Published February 2017
Atmospheric Environment

Big spatial data and machine learning methods are winning the battle over the tiniest of moving targets: the elemental components of particulate matter that pollute the air we breathe.

An emerging, novel approach to assessing pollutant exposures, called a land use random forest (LURF) model, proved more effective than the current standard land use regression (LUR) model at estimating personal pollution exposure. The study demonstrates that LURF could more accurately connect pollution risk levels and chronic health outcomes in children.

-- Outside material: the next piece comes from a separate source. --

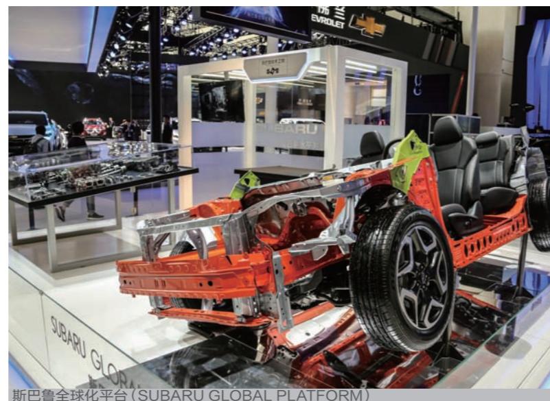
斯巴鲁全球化平台 (SUBARU GLOBAL PLATFORM)

智能水平对置发动机 (INTELLIGENT BOXER) 是斯巴鲁以知名的水平对置发动机为基础,结合电机而成的全新动力组合。斯巴鲁所推出的这一新动力组合继承了水平对置发动机所拥有的“低重心、结构紧凑”的特征,并在此基础上,通过电机辅助使起步及加速更为轻快,同时通过与EyeSight、X-MODE等驾驶辅助系统相协调,使车辆理想兼备“操控乐趣”、“高通过性”和“燃油经济性”。这一全新动力组合
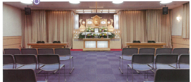
小ホール「飛翔」●椅子席: 50~80席

お通夜から葬儀・法要・会席にいたるまで、当会館内にて行えますので、天候や時間の心配が不要です。 また、家族葬・個人葬・社葬・団体葬とすべての葬儀に対応できるお部屋をご用意しております。

“These models could someday help guide patient care by supplying clinicians with a bigger picture of the environment in which a patient spends their time,” says Cole Brokamp, a research fellow and first author. The paper was his PhD dissertation. Patrick Ryan, PhD, MS, was senior author. Both are with the Division of Biostatistics and Epidemiology.

Using ambient air sampling data from 24 sampling stations in urban Cincinnati, the team tested the LURF and LUR models as they measured 11 elemental components of pollution, ranging from aluminum to zinc. They factored in more than 50 predictors associated with transportation, physical features, community socioeconomic characteristics, greenspace, land cover, and emission point sources.

The LURF model proved more effective at capturing complex interactions and nonlinear relationships between land use predictors and pollutant concentrations.

“Advancing exposure science methodology is very exciting,” Brokamp says, “but the most rewarding aspect is probably seeing the exposure models implemented in health studies.”